The 2025 season comes down to the lights of Yas Marina. Formula 1 arrives in Abu Dhabi with the title fight still alive, while Formula 2 closes its campaign with Leonardo Fornaroli already crowned but the teams’ championship and several key positions still up for grabs.
Weekend Breakdown: Abu Dhabi GP 2025 Schedule and Session Times
Formula 1 and Formula 2 sign off the year at Yas Marina with three days of running from late morning into the sunset. All key sessions take place in falling temperatures, so expect big swings in grip between practice, qualifying and the races.
Yas Marina Circuit Guide: How Abu Dhabi GP 2025 Will Race
Yas Marina is a 5.281 km circuit, with 58 laps deciding the 2025 F1 world title on Sunday night. Since the 2021 reconfiguration, the layout flows more than it once did. The old fiddly chicanes in the first and final sectors have been replaced by faster, more open corners.

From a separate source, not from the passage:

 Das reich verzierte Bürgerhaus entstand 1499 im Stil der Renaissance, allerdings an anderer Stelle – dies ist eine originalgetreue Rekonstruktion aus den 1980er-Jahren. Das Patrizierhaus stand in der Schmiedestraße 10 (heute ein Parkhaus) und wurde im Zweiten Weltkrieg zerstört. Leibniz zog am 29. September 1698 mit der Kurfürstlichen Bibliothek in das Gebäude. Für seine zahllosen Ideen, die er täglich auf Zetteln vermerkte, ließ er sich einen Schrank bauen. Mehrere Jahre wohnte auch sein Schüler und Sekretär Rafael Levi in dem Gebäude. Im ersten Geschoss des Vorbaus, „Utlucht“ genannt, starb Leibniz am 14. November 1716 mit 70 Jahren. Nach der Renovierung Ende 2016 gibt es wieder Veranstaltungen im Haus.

Turn 5 hairpin and Turn 6 chicane form the main overtaking sequence, fed by a long DRS zone down the first back straight. Turn 9 – the fast, sweeping left at the hotel end – is now a big commitment corner, punishing understeer and rear instability. The final sector still demands traction out of slow corners as the track threads under the hotel and alongside the marina.

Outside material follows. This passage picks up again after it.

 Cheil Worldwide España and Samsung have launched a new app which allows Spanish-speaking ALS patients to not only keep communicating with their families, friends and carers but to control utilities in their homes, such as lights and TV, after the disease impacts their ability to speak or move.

Race lap records by each series:
- F1 – 1:25.637 – Kevin Magnussen (Haas) – 2024
- F2 – 1:35.077 – Oscar Piastri (Prema Racing) – 2021

Weather and track conditions
Abu Dhabi closes the year with exactly the kind of weather teams want for a title decider: dry, warm and stable. Forecasts point to clear skies all weekend, daytime highs around 29–30°C, and evening temperatures dropping to 24–26°C. Rain risk is effectively zero, with only light coastal winds expected.
Friday — December 5
F1 impact
FP1 will be mainly about systems checks, aero rakes and long-run mapping on a relatively green circuit. With the session held in hotter, non-representative conditions, teams will focus on race-pace balance and brake cooling rather than chasing lap time. FP2 is the crucial one: the lower track temperature and dusk-to-night crossover closely match Sunday’s race window, so this is where qualifying and long-run simulations will be locked in.
F2 impact
F2 Practice takes place in hotter conditions than either race, so drivers will wrestle with sliding rears and aggressive surface degradation. That makes it useful for understanding how far they can lean on the softest compound later in the weekend. By the time Qualifying begins, the sun will be lower, track evolution will be strong thanks to F1 mileage, and getting tyres into the window on the out-lap will be critical.
Saturday — December 6
F1 impact
FP3 remains a bit of an outlier: it is hotter and sunnier than qualifying, so teams will treat it as a back-up session to confirm overnight changes rather than a pure pace reference. As the sun sets, the circuit gains bite and balance shifts toward the front, which can catch out drivers who were comfortable on Friday. In qualifying trim, managing tyre preparation through the slower Sector 3 corners is crucial; a small lock-up or snap can bake the surface and cost crucial time onto the main straight.
F2 impact
The Sprint starts with a high grip level but rising tyre wear. Cars on the softer compound will have strong early pace but must avoid overheating the rears out of the Turn 7 hairpin and the hotel complex. With no mandatory stop, track position is king, yet those who keep life in the tyres can pounce in the final five laps when rivals begin to struggle off the slower corners.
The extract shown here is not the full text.